Кого-то убило, кто-то стонал, двое или трое кинулись наутек. Кони с диким храпом оторвались и понеслись в темноту. Только одна лошадь металась, крепко привязанная. К ней и подбежала Таня, отрубила саблей повод, на ходу, не держась руками, как учил Гречко, вскочила в седло и помчалась к реке.
Когда мокрый конь бодро выносил Таню на противоположный берег, сверху отозвалась ночная тьма:
— Кого черти несут?
Знакомый голос взволновал Таню до слез: «Свои!»
— Не видишь — комиссар, Татьяна Григорьевна, — раздался веселый голос другого.

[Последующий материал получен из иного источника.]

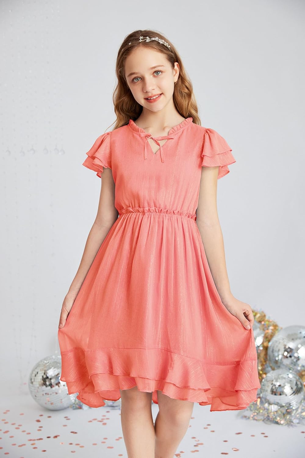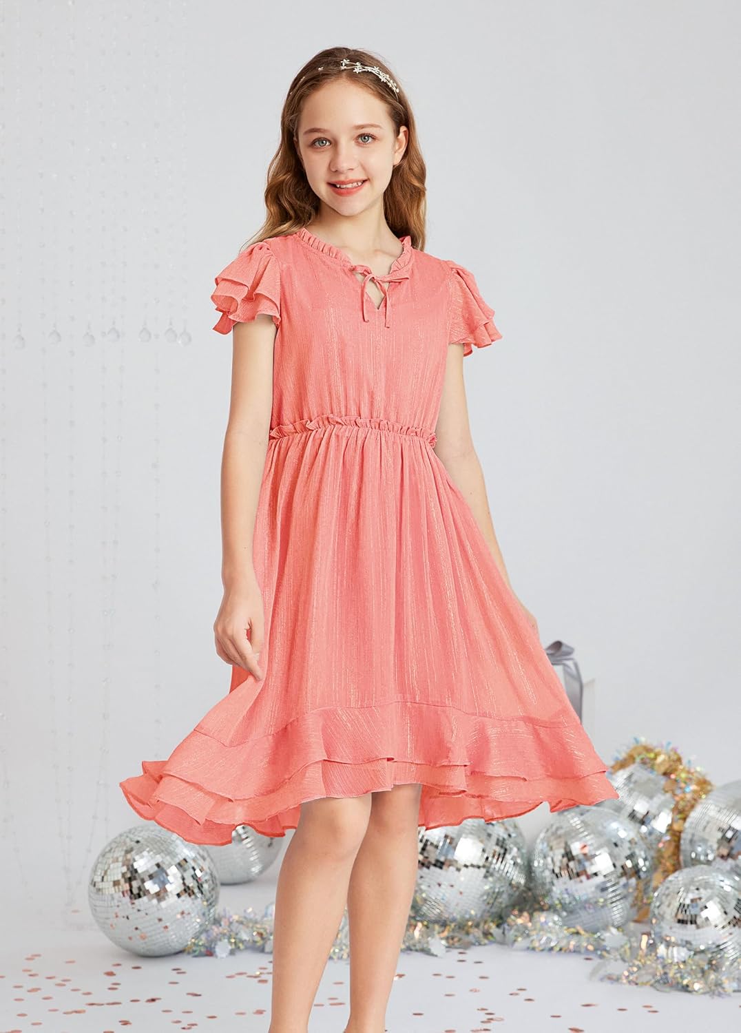 Girls Summer Ruffle Sleeve Casual Tie Neck Princess Cute Girl Dresses

— Таня!.. Родная!.. Жива!.. — выстраданно, с радостью крикнул третий.
Это уже был голос самого любимого человека на свете. Прямо из седла ее, обессиленную, легко подхватили сильные теплые руки Ивана.
XXIV
Надувались бурки, как паруса, стонала земля от конских копыт, а пики покачивались, точно корабельные мачты, и по суровым лицам партизан текли слезы: «Земля моя, я вернусь».

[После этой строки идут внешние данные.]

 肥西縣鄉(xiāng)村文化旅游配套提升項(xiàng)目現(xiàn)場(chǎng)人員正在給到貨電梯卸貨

Серая степь, серое небо, колючий ветер…
— Иванко, ты видишь — там чудесный город. Хрустальные дворцы… парки и цветы… Уже нет войны, милый? Это мы отвоевали такую красоту, сияние, солнце? Это наши мечты! Мечты дедов наших!

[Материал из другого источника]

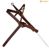 Mythrojan Geralt Back Scabbard, Ideal for LARP Cosplay and Medieval Events, Full Grain Leather, Single Sword, Brown

— Ты заболела, Таня, родная моя! — Он поддерживал ее, чтобы не упала с седла.
Лошади их шли стремя в стремя. А рядом — весь отряд, и каждый слышит их слова.
Положили ее в селе Кузьминском, у какой-то учительницы. Таня заболела испанкой, свирепствовавшей в тех краях.
Лежала она в небольшой комнатке: за окнами шумели тополя, а за селом клокотал бой.
Возле Тани сидела Христя Браковая. Отяжелевшая, притихшая, она прислушивалась, как под грудью бьется что-то упругое, теплое, нежное и, улыбаясь про себя, ухаживала за подругой, кормила и поила, ласкала, целовала. Тане даже легче становилось: и температура снижалась, и в голове светлело.
Но вот Христю перевели к раненым. И на Таню из темного угла уставились глаза — зеленоватые, холодные, хищные. Это хозяйка, молодая учительница. Она прислушивалась к грохоту боя, злорадно усмехаясь, пожирала девушку-комиссара жабьим взглядом. «Воды!..» — вырвалось у Тани, изнемогавшей от жара, но хозяйка не пошевелилась. Больше Таня ничего не просила, даже в горячечном состоянии почувствовала: это недруг.
Забежал Олекса Гуржий, запыленный, забрызганный вражьей кровью. Напоил девушку из баклаги, неумело поправил подушки.
— Я тебя сейчас с ранеными отправлю! А? Слышишь, Таня?..
Нет, она не захотела. Должен приехать за ней братик Грицко — Иванко с ним условился, успел позвонить в Ольжинскую. Тогда уж она со всеми… чтобы не затеряться…
Начал уговаривать и оставил: это же была Таня. Даже больная, разве могла она изменить решение.
Будто сердце предвещало беду. Нехотя повернулся к дверям Гуржий. Надо идти, ведь на улице ждут приказа ездовые, стонут раненые на подводах, гарцует преданный эскадрон Олексы — бойцы конвоя, которые не допустят истребления израненных друзей.
Пошел Олекса, а потолок будто прижимал его к полу и ноги не несли; стал на пороге, обернулся, но Таня уже сомкнула глаза: «Нет, друг мой, подожду…»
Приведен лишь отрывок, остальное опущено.